*** Records provided ***

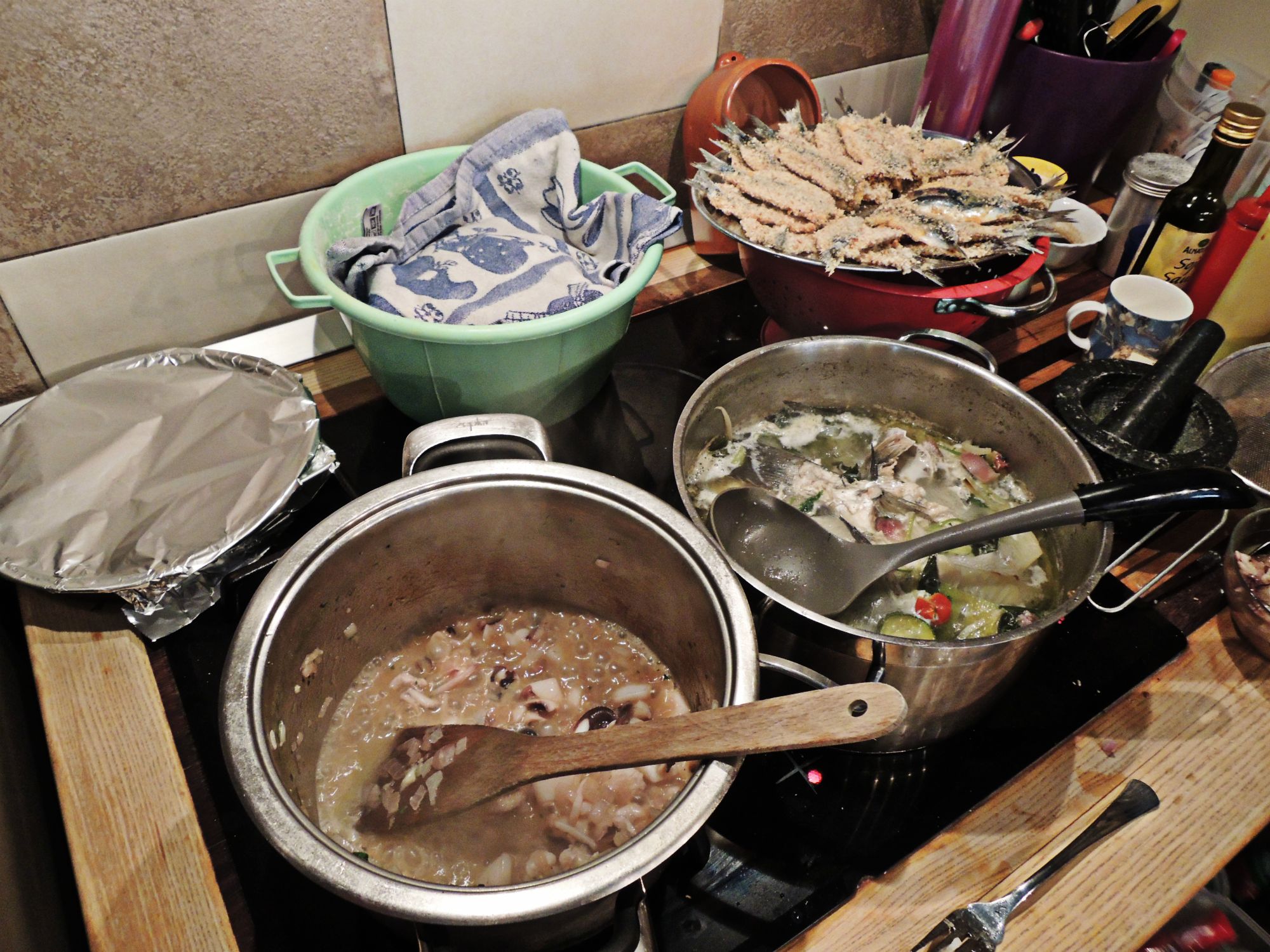 We got all this going on and more…risotto, fish stock, fried sardines and bread rising
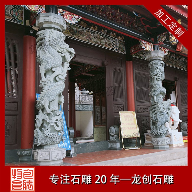 常見寺廟龍柱的制造石材有青石、白石以及其他花崗巖石料,如果雕工要求很復雜的,一般是以青石為原材料,青石的石料單價也要貴很多。做工簡單的,則一般建議用普通的白石即可。普通的白石龍柱會比較便宜,一般三四萬塊就能買到一對合適的3米高龍柱,以浮雕技藝為主。而真正價格較高的龍柱則一般是青石龍柱。龍柱一般有單龍和雙龍之分,雙龍的略貴一些,單龍的便宜一點。龍柱上面除了雕刻龍外,還會雕刻很多其他圖案。中華民族的圖騰是龍圖騰,中國人是龍的傳人,所以龍柱是無論什么國內宗教場所、公眾場所都會擺立的。
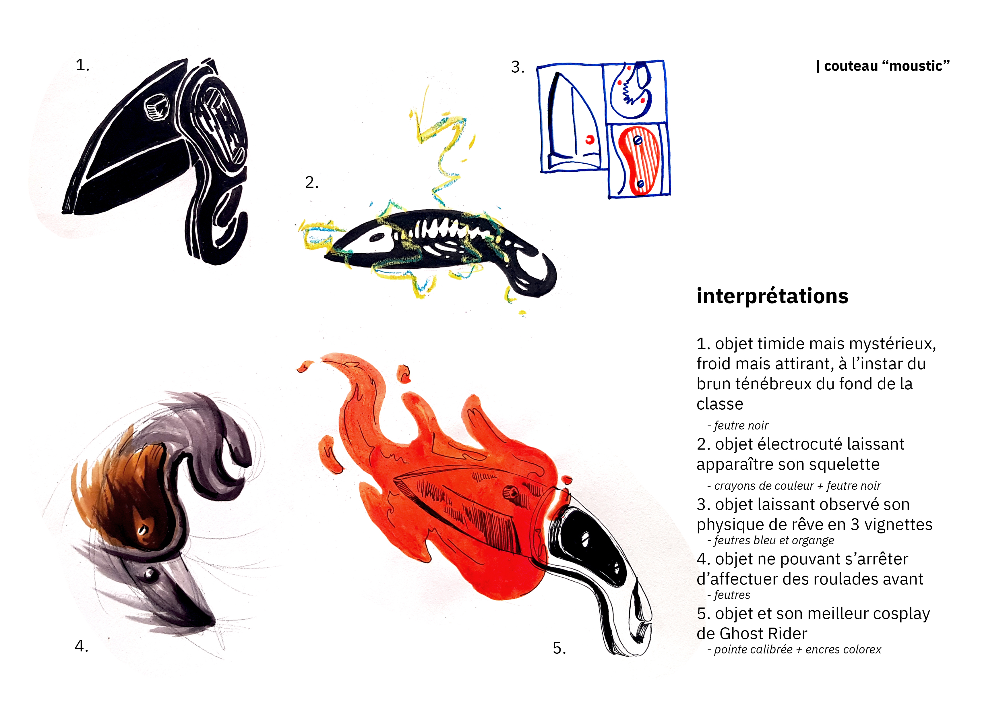 La recherche d'un style graphique s'associe à la recherche de la composition de mon image. En effet je cherche à raconter une scène en une image, sans découper le récit en différentes cases.
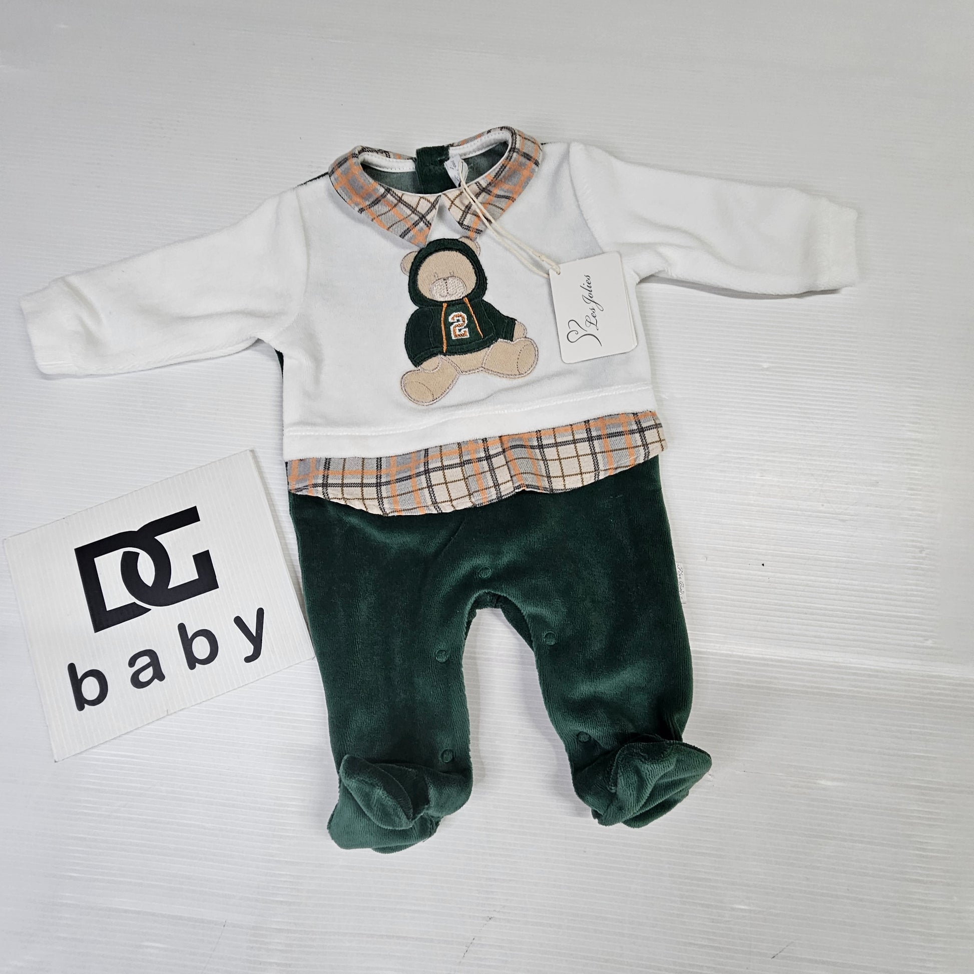 Morbida tutina maschietto firmata Les Jolies, in calda ciniglia verde e panna con dettagli in stoffa scozzese beige e verde.
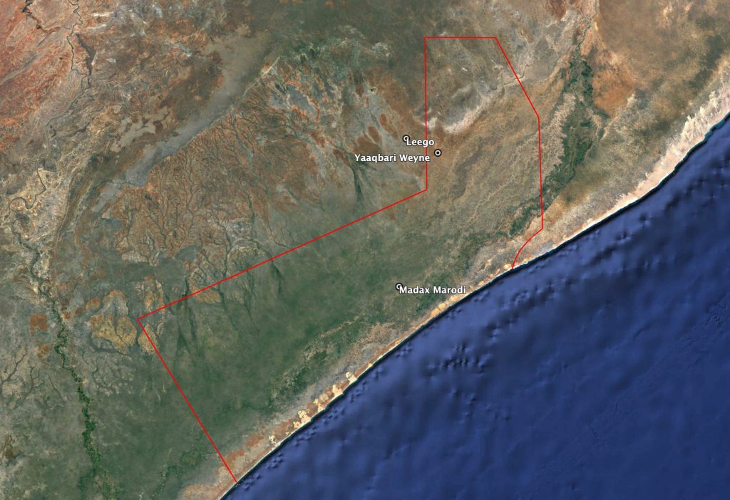 The villages Leego, Yaaqbari Weyne and Madax Marodi, with the Lower Shabelle region marked in red

*** End of Records provided ***

■ **Your assignment**
Where the line containing "Morbida tutina maschietto" appears, begin writing out the lines exactly, and continue through the end of the material above, omitting pictures.

■ **Exercise solution**
 Morbida tutina maschietto firmata Les Jolies, in calda ciniglia verde e panna con dettagli in stoffa scozzese beige e verde.
 The villages Leego, Yaaqbari Weyne and Madax Marodi, with the Lower Shabelle region marked in red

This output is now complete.